14 October 2005

The Real Battle Behind the Miers Nomination


Since the day President Bush announced his nomination of Harriet Miers to the Supreme Court, criticisms from the Right have been harsh and unrelenting. From talk radio hosts to bloggers on the Internet, the interneccine attacks must delight Democrats to no end. Even the intellectual conscience of the Right, George F. Will, joined in the attack in a brilliantly written opinion piece.

What gives?

Throughout the President's first term, conservatives have been placated by the historic tax cuts, his pro-life stances on stem cell research and partial-birth abortions, his hawkish policies against terrorism and the President's general pro-faith attitudes in both his personal and public personas. Beneath this veneer of good feelings, however, disquiet, if not outright discontent, has been brewing among conservatives.

Two issues particularly come to the fore: illegal immigration and federal spending. Over the last two years, conservatives have been alarmed by the number of illegal aliens who have traversed the porous southern borders and the attendant social and economic costs associated with such mass migration. The Minutemen Project, in which volunteers monitored and documented illegal migrants crossing the Arizona border, demonstrated the scope of the problem. Yet, the President refuses to acknowledge the problem and continues to insist on a guest-worker program, which to conservatives smacks of another amnesty offer.

Similarly, fiscal conservatives have been stunned by the Administration's record deficit-spending. While much of the spending appears reasonable, namely monies spent on the war against terrorism in Afghanistan and Iraq and the rebuilding of the Gulf Coast, conservatives are irked by the expansion of the Medicare program to include prescription drug benefits as well as pork barrel transportation spending.

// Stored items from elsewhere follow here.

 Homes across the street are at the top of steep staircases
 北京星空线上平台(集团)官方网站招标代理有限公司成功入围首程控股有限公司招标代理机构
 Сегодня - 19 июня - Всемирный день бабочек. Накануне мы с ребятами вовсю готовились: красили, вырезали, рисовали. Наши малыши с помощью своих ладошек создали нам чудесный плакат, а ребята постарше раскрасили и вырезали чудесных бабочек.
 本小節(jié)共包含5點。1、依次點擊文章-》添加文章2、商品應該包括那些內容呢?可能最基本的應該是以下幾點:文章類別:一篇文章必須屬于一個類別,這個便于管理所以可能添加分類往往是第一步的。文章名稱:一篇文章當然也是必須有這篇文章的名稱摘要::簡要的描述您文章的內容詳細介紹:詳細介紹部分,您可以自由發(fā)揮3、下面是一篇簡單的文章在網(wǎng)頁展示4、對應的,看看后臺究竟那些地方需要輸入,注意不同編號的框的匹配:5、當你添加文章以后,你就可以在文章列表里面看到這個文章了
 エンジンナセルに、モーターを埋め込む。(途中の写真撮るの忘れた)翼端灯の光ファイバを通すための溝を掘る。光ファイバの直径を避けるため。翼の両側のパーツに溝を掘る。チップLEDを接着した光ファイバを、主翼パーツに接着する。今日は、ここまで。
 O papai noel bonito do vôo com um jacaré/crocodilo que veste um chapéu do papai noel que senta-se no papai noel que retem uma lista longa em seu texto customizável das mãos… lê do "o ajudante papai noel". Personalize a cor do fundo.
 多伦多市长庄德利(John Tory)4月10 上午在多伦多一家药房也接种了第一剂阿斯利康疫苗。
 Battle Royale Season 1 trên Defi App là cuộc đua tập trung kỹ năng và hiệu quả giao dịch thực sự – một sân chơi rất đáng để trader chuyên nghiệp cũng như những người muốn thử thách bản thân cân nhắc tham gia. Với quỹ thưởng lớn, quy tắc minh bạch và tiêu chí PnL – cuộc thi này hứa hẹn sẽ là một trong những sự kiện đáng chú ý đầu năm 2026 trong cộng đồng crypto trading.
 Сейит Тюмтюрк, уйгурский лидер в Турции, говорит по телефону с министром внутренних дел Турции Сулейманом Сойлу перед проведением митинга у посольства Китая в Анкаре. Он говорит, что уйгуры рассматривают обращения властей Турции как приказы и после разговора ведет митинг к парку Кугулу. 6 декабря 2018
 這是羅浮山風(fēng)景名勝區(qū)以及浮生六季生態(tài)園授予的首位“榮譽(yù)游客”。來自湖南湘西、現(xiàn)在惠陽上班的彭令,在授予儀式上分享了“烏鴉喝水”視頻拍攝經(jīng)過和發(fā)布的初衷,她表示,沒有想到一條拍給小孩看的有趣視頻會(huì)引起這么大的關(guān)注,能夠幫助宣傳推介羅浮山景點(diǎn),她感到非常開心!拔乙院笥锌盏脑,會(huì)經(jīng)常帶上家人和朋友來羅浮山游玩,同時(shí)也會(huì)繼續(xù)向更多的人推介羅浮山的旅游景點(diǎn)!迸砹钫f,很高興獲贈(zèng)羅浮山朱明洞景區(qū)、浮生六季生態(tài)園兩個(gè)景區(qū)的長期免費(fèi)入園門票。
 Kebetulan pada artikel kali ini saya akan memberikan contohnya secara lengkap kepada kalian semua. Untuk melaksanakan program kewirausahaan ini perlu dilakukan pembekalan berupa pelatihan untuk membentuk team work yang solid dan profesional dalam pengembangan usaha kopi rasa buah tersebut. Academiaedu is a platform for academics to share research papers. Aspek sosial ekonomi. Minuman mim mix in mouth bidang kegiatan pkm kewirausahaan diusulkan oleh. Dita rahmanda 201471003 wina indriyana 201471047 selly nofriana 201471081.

Now enters poor Harriet Miers, the President's confidant and White House Counsel. By most accounts, Miers is a centrist, a Democrat who turned Republican twenty years ago. Clearly, she is not one of the conservatives' own. She's not like Pricilla Owens or Janice Rogers Brown.

Hence, the current interneccine battle. Ostensibly, the battle is over whether Miers is sufficiently conservative for the High Court. More accurately, this is a proxy battle between ideological conservatives and the President whom they twice helped to elect and who now seems to be drifting waywardly from conservative orthodoxy on such issues as illegal immigration and federal spending.